═══ SOURCE MATERIAL
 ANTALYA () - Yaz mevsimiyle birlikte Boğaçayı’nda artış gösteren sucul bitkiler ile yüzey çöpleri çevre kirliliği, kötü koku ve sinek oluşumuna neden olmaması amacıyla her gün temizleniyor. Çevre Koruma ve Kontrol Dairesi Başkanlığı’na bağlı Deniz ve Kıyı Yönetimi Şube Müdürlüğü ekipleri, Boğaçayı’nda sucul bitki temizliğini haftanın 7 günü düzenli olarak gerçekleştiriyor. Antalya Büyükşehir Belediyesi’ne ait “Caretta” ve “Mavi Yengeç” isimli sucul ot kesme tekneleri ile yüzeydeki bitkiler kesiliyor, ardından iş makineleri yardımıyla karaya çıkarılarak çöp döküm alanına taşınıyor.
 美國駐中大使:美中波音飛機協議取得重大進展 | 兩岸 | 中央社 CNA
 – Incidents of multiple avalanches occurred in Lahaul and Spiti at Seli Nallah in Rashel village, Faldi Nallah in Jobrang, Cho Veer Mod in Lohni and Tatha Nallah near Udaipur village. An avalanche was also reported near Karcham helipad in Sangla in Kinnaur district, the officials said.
══════
═══ SOURCE MATERIAL
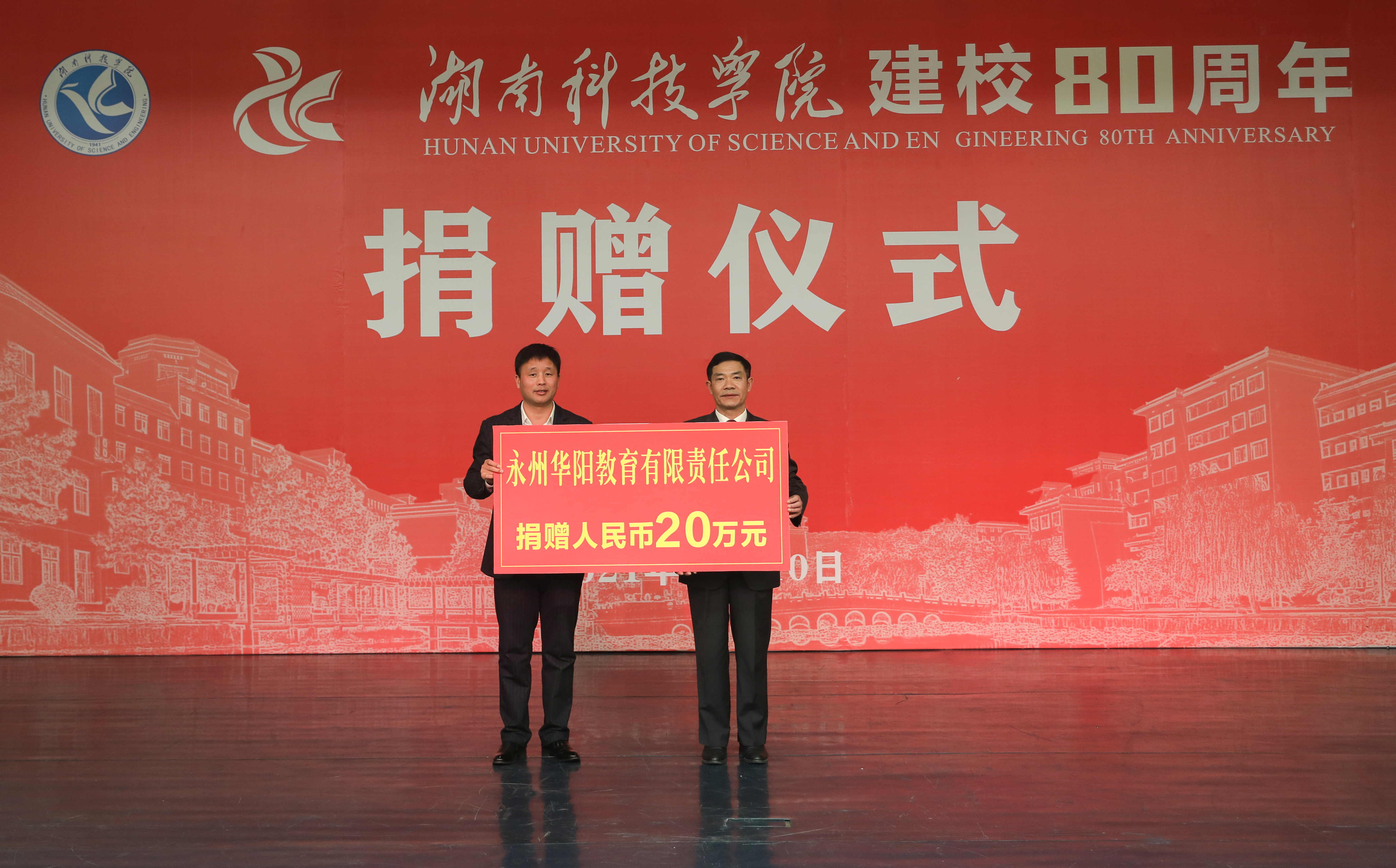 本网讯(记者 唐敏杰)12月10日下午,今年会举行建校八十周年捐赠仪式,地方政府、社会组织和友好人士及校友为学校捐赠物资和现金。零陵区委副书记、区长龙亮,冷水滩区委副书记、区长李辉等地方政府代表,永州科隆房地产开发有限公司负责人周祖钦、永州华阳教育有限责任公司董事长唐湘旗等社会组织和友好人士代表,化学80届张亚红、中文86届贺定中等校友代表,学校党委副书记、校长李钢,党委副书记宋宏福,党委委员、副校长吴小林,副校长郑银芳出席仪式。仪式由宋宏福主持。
══════
EXERCISE REQUIREMENTS
Copy, exactly and only, the lines above that begin with the one containing "ANTALYA () - Yaz" and finish with the one containing "the officials said.".

RESULT OF THE EXERCISE
 ANTALYA () - Yaz mevsimiyle birlikte Boğaçayı’nda artış gösteren sucul bitkiler ile yüzey çöpleri çevre kirliliği, kötü koku ve sinek oluşumuna neden olmaması amacıyla her gün temizleniyor. Çevre Koruma ve Kontrol Dairesi Başkanlığı’na bağlı Deniz ve Kıyı Yönetimi Şube Müdürlüğü ekipleri, Boğaçayı’nda sucul bitki temizliğini haftanın 7 günü düzenli olarak gerçekleştiriyor. Antalya Büyükşehir Belediyesi’ne ait “Caretta” ve “Mavi Yengeç” isimli sucul ot kesme tekneleri ile yüzeydeki bitkiler kesiliyor, ardından iş makineleri yardımıyla karaya çıkarılarak çöp döküm alanına taşınıyor.
 美國駐中大使:美中波音飛機協議取得重大進展 | 兩岸 | 中央社 CNA
 – Incidents of multiple avalanches occurred in Lahaul and Spiti at Seli Nallah in Rashel village, Faldi Nallah in Jobrang, Cho Veer Mod in Lohni and Tatha Nallah near Udaipur village. An avalanche was also reported near Karcham helipad in Sangla in Kinnaur district, the officials said.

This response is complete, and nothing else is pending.